For the forgoing reasons, § 5.6 of the Lunenburg bylaw is valid on its face and as applied. Accordingly, the plaintiff’s motion for summary judgment on count two of its complaint is DENIED and the defendant’s motion for summary judgment on that count is ALLOWED. SO ORDERED.

By the court (Long, J.)


Deborah J. Patterson, Recorder

Dated: 27 July 2010


[Note 1] If the clustering option is used in Residence A Districts, lots may be as small as 30,000 square feet; if in Residence B Districts, the minimum lot size is 60,000 square feet.

[Note 2] The complaint also contains a third count, alleging that certain actions of the town’s planning board director “limited plaintiff’s access to various town boards, deprived plaintiff of due process and were otherwise conducted in bad faith” (Joint Case Management Statement at 1-2 (Jul. 22, 2009)), but O’Brien subsequently stipulated that that count was not intended to be a separate cause of action. Rather, it was intended only to assert “bad faith” in the context necessary to recover costs against the town pursuant to G.L. c. 41, § 81BB. Notice of Docket Entry (Oct. 1, 2009).

[Note 3] See also Reardon v. Parisi, 63 Mass. App. Ct. 39 , 40 (2005) (factual disputes must be based on a “rational view of the evidence”); Goulart v. Canton Housing Auth., 57 Mass. App. Ct. 440 , 441 (2003) and cases cited therein (same).

[Note 4] See also Hogan v. Riemer, 35 Mass. App. Ct. 360 , 364 (1993) (“For purposes of judging whether summary judgment ought to have been granted, the existence of disputed facts is consequential.only if those facts have a material bearing on disposition of the case. The substantive law will identify whether a fact, in the context of the case, is material.”) (internal citations omitted).

[Note 5] The land is currently an egg farm.

[Note 6] The zoning bylaw in effect at the time of the plan submissions generally required a lot size of 40,000 square feet per dwelling in the Residence A and Outlying Districts and 80,000 square feet in the Residence B Districts. Bylaw §

[Note 7] The differences between several smaller and one large subdivision were highlighted at oral argument. Because of Lunenburg’s subdivision rules and regulations applicable to subdivision roads (particularly their restrictions on cul-de-sacs), less open space is likely to be built open if development occurs in the context of smaller subdivisions. Also, separate, self-contained subdivisions are considered to have a more village-like feel than a massive subdivision, and thus more in keeping with the town’s rural character.
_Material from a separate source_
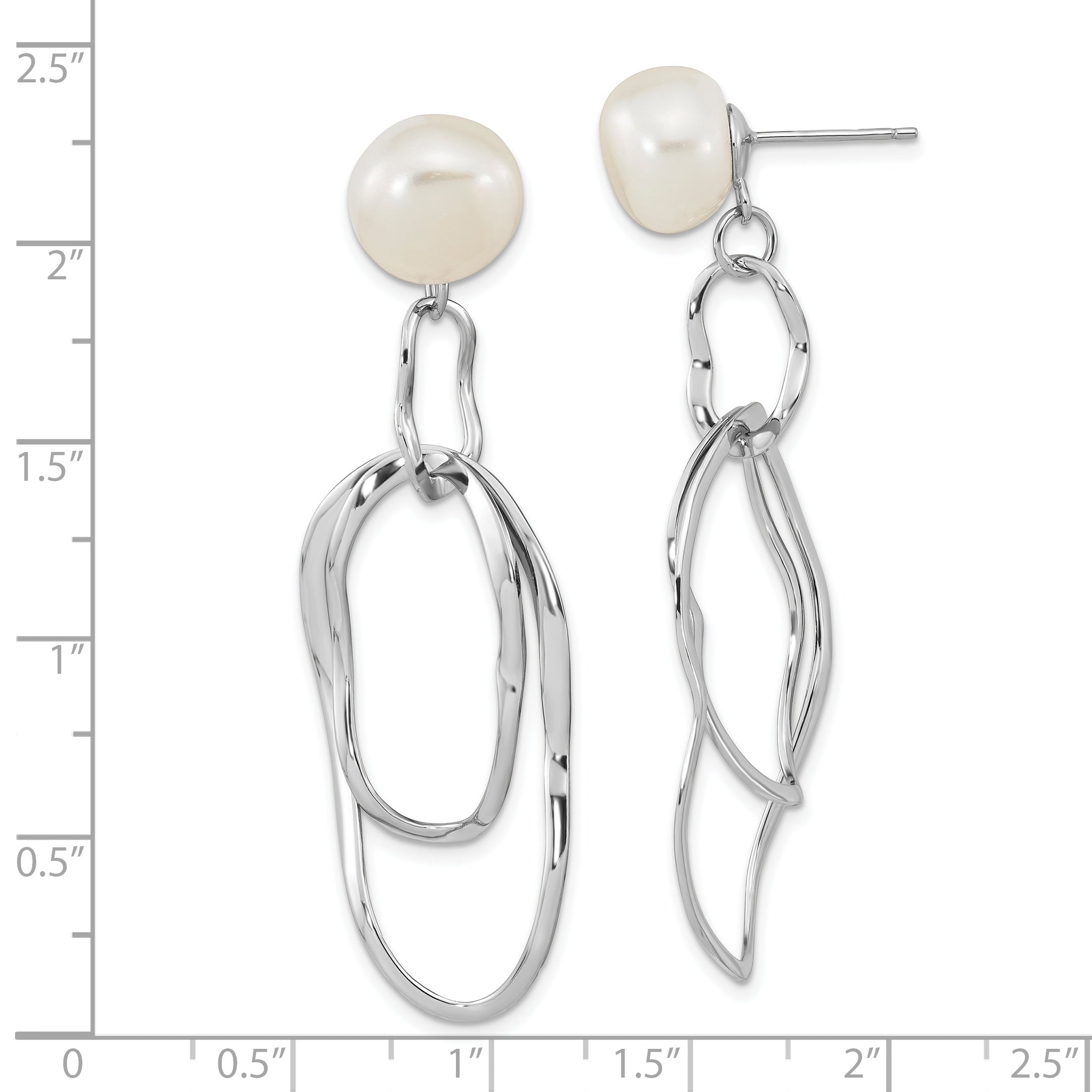 Sterling Silver Rhod-plated 10-11mm White Baroque FWC Pearl Dangle Earrings

[Note 8] I recognize that five acre zoning goes beyond the largest minimum lot size currently upheld by the appellate courts. See Johnson v. Edgartown, 425 Mass. 117 (1997) (three acres). But, as in Johnson, in the “special circumstances” of this case (see discussion above), the five acre zoning provision “has not been shown to be arbitrary and unreasonable or substantially unrelated to the public health, safety and general welfare.” Id. at 125.